The Med Mentor

The Patient Is Always Right!!

There is something unique about yourself that the medical school admissions committee saw and granted you acceptance into medical school. Except you will never know if it was your application, grades, essays, your interview, how you dressed, how you carried yourself, what you said or didn’t say, maybe your reference letters, MCAT scores, your gender or your race/nationality. But you got accepted to medical school and about to embark on a journey that you will never forget. I have been out of medical school for 10 years and can remember almost every patient encounter during that time.

The first two years of medical school are the didactics. But once you get out of the classroom that’s when the patient interaction begins. This is why you go into medicine to help people, plain and simple. If there are any other motives that top this then you are in the wrong field. Some people fear patient interaction and if you do then there are some specialties that may suit you like radiology or maybe pathology. Very good and exciting fields with limited patient interaction. If you absolutely love to talk to patients then maybe family medicine may suit you. You will enjoy long term relationships with your patients.

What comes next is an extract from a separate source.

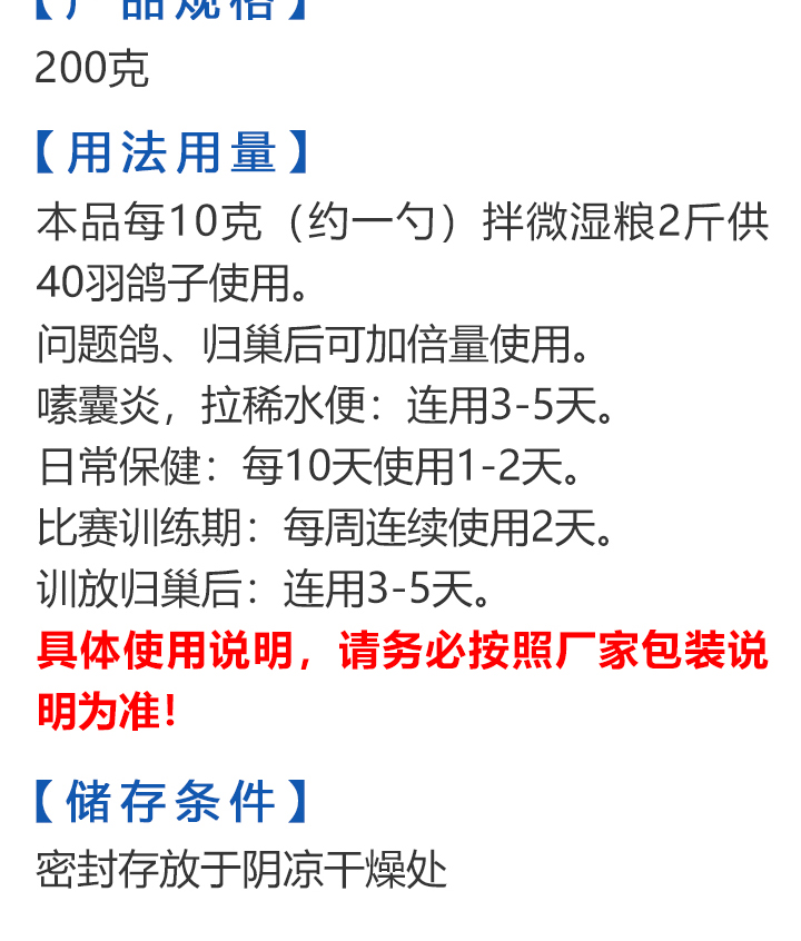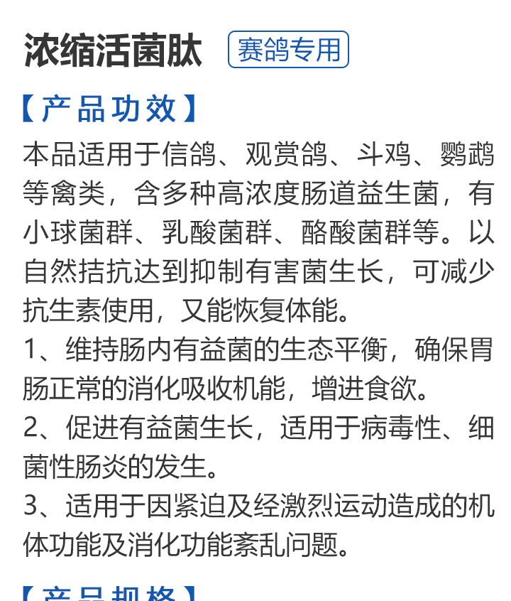 2026线上春展▪满200-10  -  指定商品:【爆灯】蓝精零 5克×10包 ;【爆灯】鸽滴威 5克×10包 ;【爆灯】莎门停 5克×10包 ;【爆灯】崇威灵 5克×10包 体内虫;【爆灯】益南混甘 5克×10包 ;【爆灯】回利球 5克×10包 ;【心连心】滴莎 10克×6袋;【爆灯】乎滴亢 5克×10包 ;【爆灯】超浓缩喜乐菌 500毫升 ;【心连心】球莎 10克×6袋 ;【爆灯】维诺护肝精 250毫升 ;【爆灯】虱螨体虫清 500毫升 ;【心连心】呼畅 10克×6袋 ;【爆灯】球可定 100毫升 ;【爆灯】复合预混合饲料Ⅱ维益菌 227克 ;【心连心】瘟痢停 10克×6袋 ;【爆灯】肠道宝 500克 ;【心连心】莎J净 10克×6袋 ;【心连心】鸽C净 10克×6袋 ;【顶峰】复合菌(胶囊)100粒 ;【顶峰】复合菌(粉剂) 280克 ;【顶峰】能量钙(浓缩型) 400毫升 ;【爱丽丝】喉痢清(加强型) 60粒(胶囊) ;【顶峰】能量钙(浓缩型) 2.5升 ;【爱丽丝】衣元净 60粒(胶囊);【施德福】特号六合一混合剂 5克×10包 ;【爱丽丝】毛滴虫净 60粒(胶囊);【爱丽丝】刹杆净(原沙门氏菌大肠杆菌杀星) 60粒(胶囊);【施德福】口服苗A 5克×10包 ;【爱丽丝】肝精 5克×10袋 ;【施德福】卡尼丁肝肾液 250毫升 ;【施德福】精华液 250毫升 ;【爱丽丝】呼吸道特号 60粒 (胶囊) ;【施德福】口服苗液 25毫升 ;【天津版稳拿】稳拿一号(呼吸道) 2公克×8袋 呼吸道;【天津版稳拿】稳拿二号(消化肠道) 3公克×8袋 肠道;【天津版稳拿】稳拿七号(毛滴虫) 2公克×8袋 毛滴虫;【上海龙园】魔宝 1000克 袋装;【上海龙园】维他肝精 250毫升 ;【上海龙园】鸽绿茶 100克 ;【上海龙园】浴宝 200克 ;【上海龙园】小育雏宝胶囊 100粒 ;【上海龙园】菌乐多 500毫升;【先锋】呼喉霸 5克×10包;【先锋】依原净 5克×10包 ;【西安凯鸽】客线枉 30毫升;【西安凯鸽】至樽独霸 100克;【西安凯鸽】至樽独霸 60粒(胶囊);【爆灯】T5鸽疫快克 20毫升 ;【西安凯鸽】果蔬营养丸 700克;【西安凯鸽】果蔬营养丸 2000克;【天津版稳拿】稳拿三号 2克×8包 球虫;【天津版稳拿】幼鸽夺霸 100粒 ;【天津版稳拿】幼鸽夺霸 300粒 ;【天津版稳拿】比赛夺霸3号 100粒 ;【天津版稳拿】比赛夺霸3号 300粒 ;【心连心】毛莎胶囊 60粒 ;【心连心】球锋胶囊 60粒 ;【天津版稳拿】虫清 3克×8包 体内虫;【心连心】呼畅 60粒(胶囊) ;【天津版稳拿】喉清 3克×8包 支原体/衣原体/念珠菌/呼吸道;【心连心】瘟痢停 60粒(胶囊) ;【天津版稳拿】粮霉清 200克 ;【心连心】莎J净胶囊 60粒 ;【爆灯】一滴灵 10毫升 单眼伤风;【爆灯】呼鼻灵 10毫升 ;【心连心】鸽C净 60粒(胶囊) ;【爆灯】维诺速补 100粒 ;【爆灯】老鸟回春丸 100粒 ;【心连心】毛呼二合一 10克×6袋;【爆灯】老鸟生子丸 100粒;【爆灯】依圆青 5克×10袋 ;【心连心】百消砃 100丸 ;【爆灯】泰力福 5克×10袋 呼吸道;【心连心】百消潵 150克 ;【爆灯】卫康防火墙 500毫升 ;【爆灯】矿力高峰液 250毫升;【心连心】独利双清 250毫升 ;【心连心】二合一啤酒酵母粉 600克 ;【爆灯】钙力奇 250毫升;【心连心】益酶多维电解质 150克 ;【爆灯】本草亢独饮 250毫升 ;【心连心】强化肝精(粉剂) 10克×10袋 ;【先锋】呼爽先锋 5克×10包 ;【心连心】强化肝精浓缩液 120毫升 ;【先锋】呼毛二合一 5克×10包 ;李猛推荐【爆灯】鸽疫康 500毫升 ;【先锋】先锋三合一 5克×10包 球虫/毛滴虫/沙门氏;【心连心】生物多肽矿物磷钙粉 500克 ;【先锋】净滴先锋 5克×10包;【心连心】AM活菌浓缩液 500毫升 ;【先锋】不脱翼 5毫升;李猛推荐【爆灯】维诺保 100毫升 ;【心连心】多效营养精华素 1680克 ;【心连心】AD3磷钙液 250毫升 ;【爆灯】超能素5000 1500克袋装 ;【心连心】瘟痢停丸 60丸 ;【爆灯】复合预混合饲料/6合1能量营养素 250克 ;【心连心】优益活菌液 1000毫升 ;【爱丽丝】喉痢清 5克×10袋 ;【上海龙园】种鸽宝 300粒 ;【上海龙园】种鸽粉 200克 ;【爱丽丝】衣原净2代 5克×10袋 ;【上海龙园】一喷灵 25毫升 ;【爱丽丝】毛滴净 5克×10袋 ;【上海龙园】绿色精 500毫升;【爱丽丝】刹杆净(原沙门氏菌大肠杆菌杀星) 5克×10袋 ;【上海龙园】营养蒜油 200毫升;【爱丽丝】呼吸道特号 5克×10袋 ;【上海龙园】康飞力 200毫升;【顶峰】保比液 100毫升 ;【上海龙园】赛神滴眼液 10毫升 ;【爱丽丝】毛球二合一 5克×10袋 ;【上海龙园】一滴灵 10毫升 单眼伤风;【爱丽丝】毛滴虫球虫二合一 60粒 ;【上海龙园】泻必停 5克×10袋 ;【顶峰】牛至香酚保比液 500毫升 ;【上海龙园】喉必清 5克×10袋;【顶峰】商寒停 100片 伤寒停;【顶峰】能量钙 300克 ;【上海龙园】抗球粉 5克×10包;【爱丽丝】稳肠赢 100克 ;【顶峰】全能电解质 500毫升 ;【上海龙园】抗滴粉 5克×10包 ;【顶峰】维他酵母粉 800克 ;【上海龙园】电解质维生素C粉 (甲7.5克+乙12.5克)×10组盒;【上海龙园】小育雏宝片剂 100片;【上海龙园】大育雏宝胶囊 500粒;【上海龙园】嗉囊清 100毫升;【上海龙园】大育雏宝片剂 500片;【上海龙园】粒粒成 100粒;【上海龙园】克虫宝 80粒;【上海龙园】红茶 100克;【上海龙园】强健宝 750克;【凡赛尔】欧乐强 鸽浴粉 1000克 天然沐浴圣品/消除肌肉疲劳/洗澡/洗浴;【爱丽丝】钙磷营养速补 400片;【北斗】雌宝 100粒;【北斗】雄宝 100粒 ;【北斗】克立停 100粒;【北斗】育雏宝 300粒;【天津版稳拿】稳拿五号 3克×8包 单眼伤风;【爆灯】多关秘密武器 30毫升 ;【爆灯】维诺

Being a surgeon, most people think we only like being in the OR and despise clinic and talking with patients. That may be true for some. Back to the top about why you were accepted into medical school may remain a mystery but it is your job to find your strengths through medical school and residency. I found out that I really enjoy talking and more importantly listening to my patients. We go through medical school learning about diseases and pathology and sometimes forget that these are real individuals. They are real people with families, jobs, hobbies, and emotions. Your first patient encounters in medical school whether in the clinic or in the hospital can be frightening. It’s okay to be nervous. But remember patients sense that anxiety. Patients want to be comforted, feel safe, and have confidence in you and most importantly they want to know what’s going on with them. It is up to us to take all of our medical knowledge and explain it simply to them. Most patients are grateful if you take the time to explain clearly, without a bunch of big medical terms, what is going on with them.

These are my patient encounter tips for you:

Shake hands and look your patient in the eye when you introduce yourself. (With Covid nowadays, shaking hands may not be feasible)

Sit down do not stand up. (This makes your patient feel comfortable and allows them to open up to you. If you stand up during the visit they will think that they are rushed.)

Listen. (yes you have to ask those pertinent questions but take a moment to just listen. Everybody has a story to be told and wants somebody to hear them.)

Always examine the patient and ask their permission.

Explain to them what their diagnosis is or what you think it could be. Go over any imaging or labs with them. Communicate with them. Don’t leave them in the dark.

Lastly, if you don’t know the answers. Say you don’t know. That’s one of the hardest things about being a doctor is saying that you don’t know but follow that up with I will find out.

Hope this helps. Continue to work hard, study hard. Stay safe and healthy.